The common comparison is that owning a parrot is like having a perpetual 3-year-old. Marsh says fostering a bird for a month or so is a good way to learn whether owning a parrot is a good move.
When a bird comes to the parrot society, Marsh says, the first stop is to take it to a vet for a health and a DNA check. The DNA check is often to determine the bird’s sex because for many parrot species, the difference isn’t obvious. If the bird is healthy, it goes to a foster family — sometimes for retraining.
“I’m currently fostering a bird that never learned to interact with people,” Franco notes. “I figure it will take about three months of training to make the bird ready for adoption.”
If a bird is adopted, the fee is generally twice what the veterinarian charged for the checkup plus cage expenses. That way, money is available when the next bird comes in for rescue. Franco estimates the adoption cost is typically between $200 and $400, far less than the cost of buying a bird from a breeder.
People surrendering birds are also encouraged to make a donation to the tax-exempt group. The most common species taken in by the society are cockatoos and large macaws, but all parrot breeds (and there are hundreds of them) are welcome. The organization takes in cockatiels on a case-by-case basis, and usually only if an adoptive home is immediately available.
As with many rescue organizations, home visits are a requirement before surrendering a bird to a new home. Franco says owners of birds should be even tempered and reasonably well-organized because birds do not like chaos, preferring a routine.
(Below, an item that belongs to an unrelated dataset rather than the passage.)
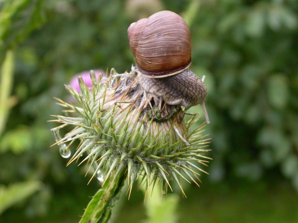 Da fällt mir eine ähnlich verrückte Weinbergschnecke ein - zwar nicht in meinem eigenen Garten fotografiert und auch nicht ganz aktuell, aber muss euch das Foto einfach trotzdem zeigen!

She warns that extremely fastidious homeowners might not appreciate the “accidents” that occasionally come with owning a pet, any pet, including a bird. Birds can be house-trained, Franco says, but when outside a cage, they don’t always follow the rules.
“I tell all the foster and adoptive families I meet to call me any time,” Marsh says, “day or night, even if they think they have a dumb question. Nobody teaches you how to live with a 3-year-old, but we’ve been there. Our volunteers are always available to help.”
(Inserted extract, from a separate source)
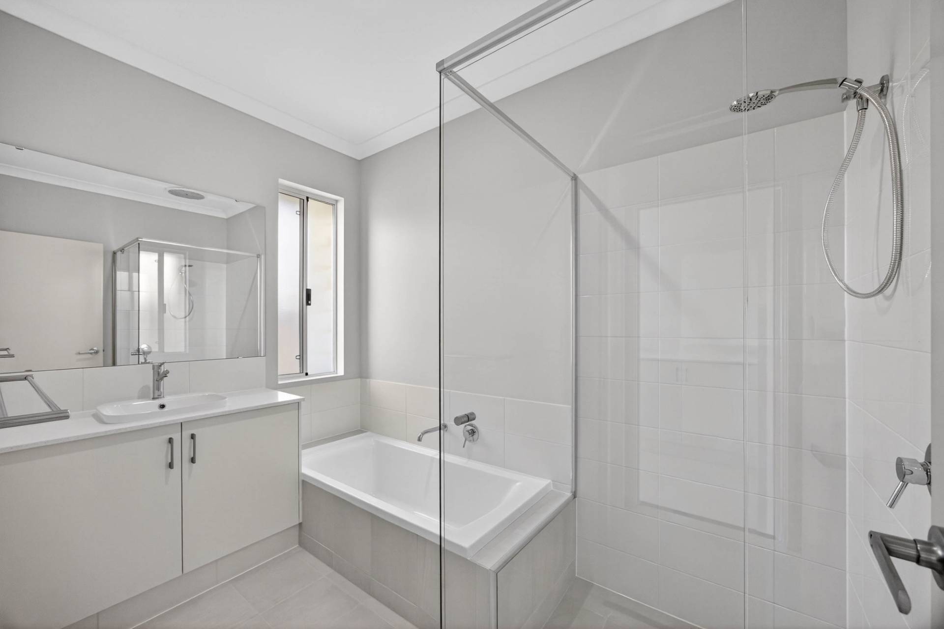 -Contemporary family bathroom with a separate bath and shower in neutral, modern finishes.

Franco says pet stores have often helped the parrot society by inviting the group to talk with customers about their organization.
“Typically, pet stores are not selling the larger birds,” Franco says. “But in any case, we preach that purchasing a bird should never be an impulse buy.”
In July, Franco got a call about 30 birds in one household. A man who owned 50 birds was leaving Las Vegas for the East Coast and suddenly realized that his vehicle would not accommodate all his birds. Franco and her volunteers removed 23 birds one day and seven the second day, and ultimately found foster homes for all of them.
“For many people who are responsible bird owners, the fact that they must give up a bird, a member of their family, is heart-wrenching,” Franco says. “We understand what they are going through. Any of us who have owned birds and for one reason or another have lost a bird — know it truly leaves a hole in your heart.”
The cost of feeding a parrot, Franco estimates, is between $25 and $30 a month. Marsh takes her own birds to the vet yearly. One of her birds who gets extra hard to handle during breeding season even gets a shot that dampens the effects of breeding season hormones. (Birds generally cannot be spayed or neutered, and both parrot sexes can get extra vocal during breeding season.)
Do parrots bite?
“Yes, sometimes” Marsh says, holding up an arm with a couple of red spots. “Birds have a mind of their own, and if they are saying no and you aren’t listening, you may get a nip.”
Yes, parrots can also learn words and mimic voices.
Franco recalls one woman who turned in a bird because, though she loved the bird, after her husband died, the bird would consistently say “hello” in her husband’s voice. Hearing that voice was just too disturbing, the widow explained.
Marsh notes that one of her birds, Rusty, had a cage in the hallway. When her husband arrived home from work every night, he’d first say hello to Rusty. One day, Marsh moved Rusty’s cage because she had taken in a new bird. Her husband came in the door, looked around, and Rusty cried, “I’m over here!”